Having considered the provisions in the NZCA and ACA, the CLRC, in Consultative Document No. 5 (Clarifying and Reformulating the Directors’ Role and Duties) issued in August 2006, nevertheless took the view that nominee directors must be held to a strict fiduciary duty to act in the best interest of the company. The CLRC acknowledged that this position is “not in line with commercial reality and may not be facilitative to the business needs of companies”, but took the stance that the facilitation of business should not be at the expense of good corporate governance.
 
The CLRC set out two grounds for adopting the strict approach. First, it would assist nominee directors to understand the nature and extent of their duty.

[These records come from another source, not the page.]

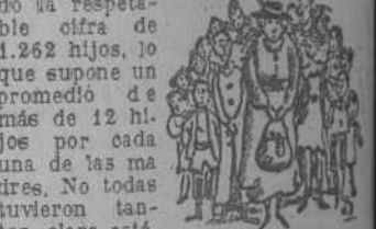
En una ciudad canadiense se han reunido cien señoras que en total, tuvieron al mundo la respetable cifra de 1.262 hijos, lo que supone un promedio de más de 12 hijos por cada una de las madres. No todas tuvieron tantos, claro está, pero en compensación hubo algunas que superaron ese número.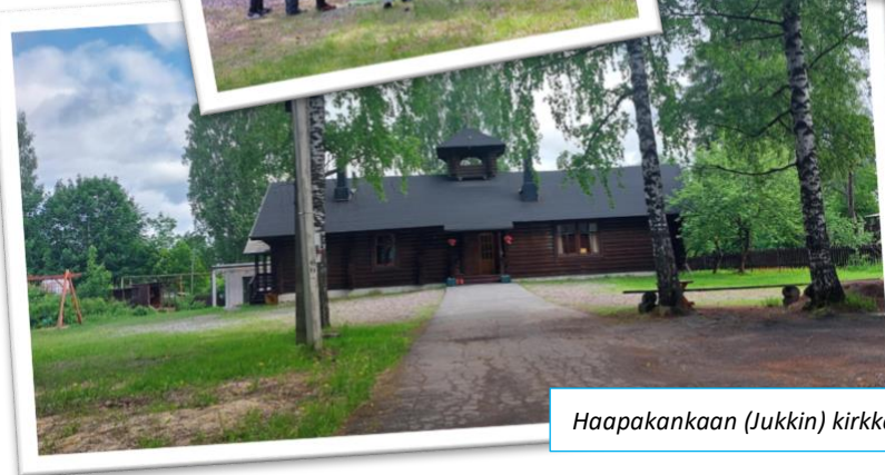
Haapakankaan (Jukkin) kirkko.

"Vallitkoon teidän sydämissänne Kristuksen rauha, johon teidät on yhden ja saman ruumiin jäsenenä kutsuttu. Olkaa myös kiitollisia." Kol. 3:15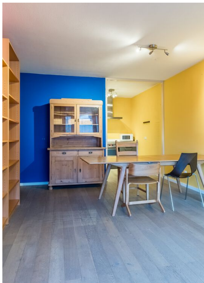
Bomanshof 225, Eindhoven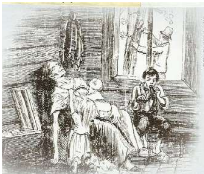
Illustration från missväxtåren 1867-68, som även kan appliceras på de svåra missväxtåren under 1830-talet.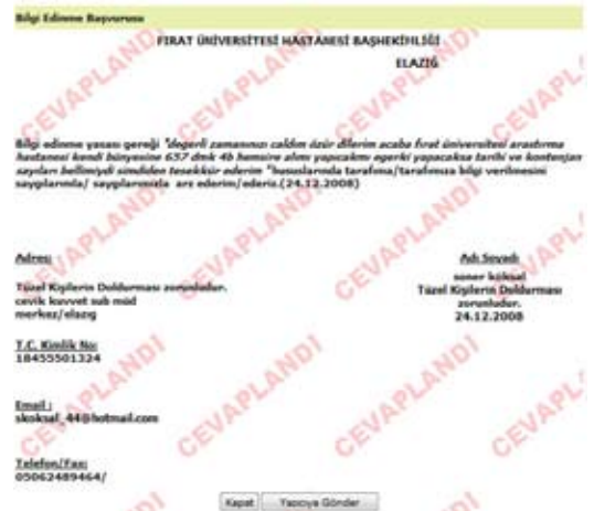
Şekil 20. Bilgi Edinme Birimi, cevaplanan bilgi.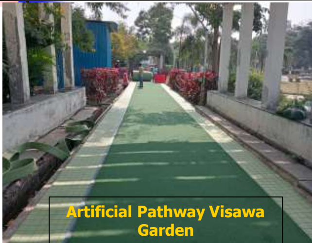
Artificial Pathway Visawa Garden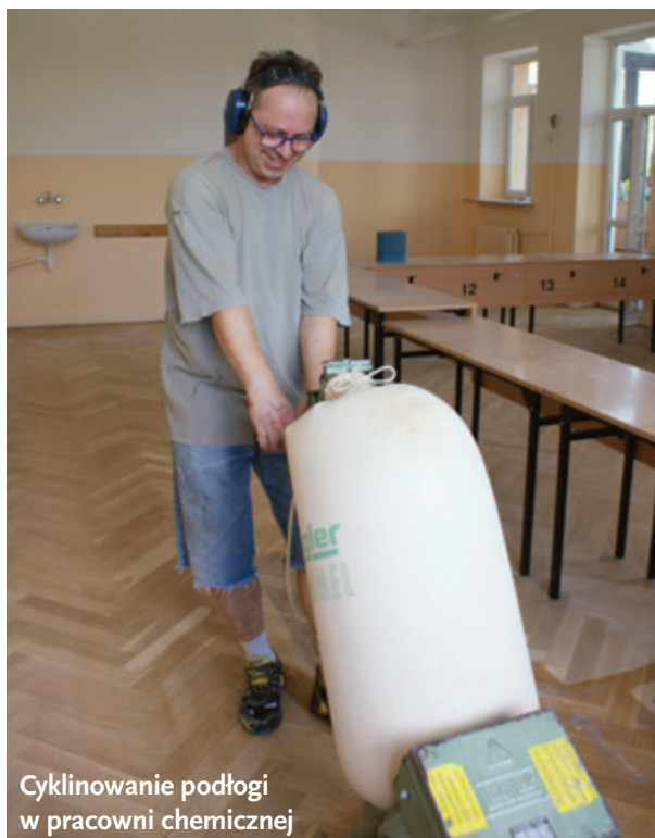
Cyklinowanie podłogi w pracowni chemicznej

Second, the CLRC was concerned that the adjusted fiduciary duty may not be effectively enforced due to the difficulty in determining or defining with certainty the identity of nominee directors.
 
Although the CLRC accepted that the strict fiduciary duty may be adjusted in the case of a wholly-owned subsidiary by reason that there “would be no minority shareholders’ interests which needs protection”, this exception was not incorporated into S.132(1E) of the CA 1965 nor section 217(1) of the CA 2016.
 
CONCLUSION
 
The strict fiduciary duty approach has attracted some criticism – some have argued that it infringes market freedom by denying the shareholders the discretion to vary the application of the rule. Proponents of this school of thought contend that shareholders should be permitted to make their own arrangements in relation to their corporate structure so long as the interests of minority shareholders are protected. For example, Mohammad Rizal Salim and Teh Tai Yong in “Market Freedom or Shareholders’ Protection? A Comparative Analysis of the Duties of Nominee Directors”, International Journal of Law and Management, Vol. 50 No. 4, 2008, pp. 168-188, took the view that “where the shareholders have agreed in a shareholders or joint venture agreement to adjust the fiduciary duties of directors so that the directors may act in the best interests of the nominator, there is no reason why this should not be allowed.
 
Notwithstanding the arguments by the proponents of the adjusted fiduciary duty, it is clear that unless and until section 217(1) of the CA 2016 is amended, the CA 2016 imposes a strict fiduciary duty on a nominee director to not subordinate his duty to act in the best interest of the company to his duty to his nominator when a conflict arises between these interests.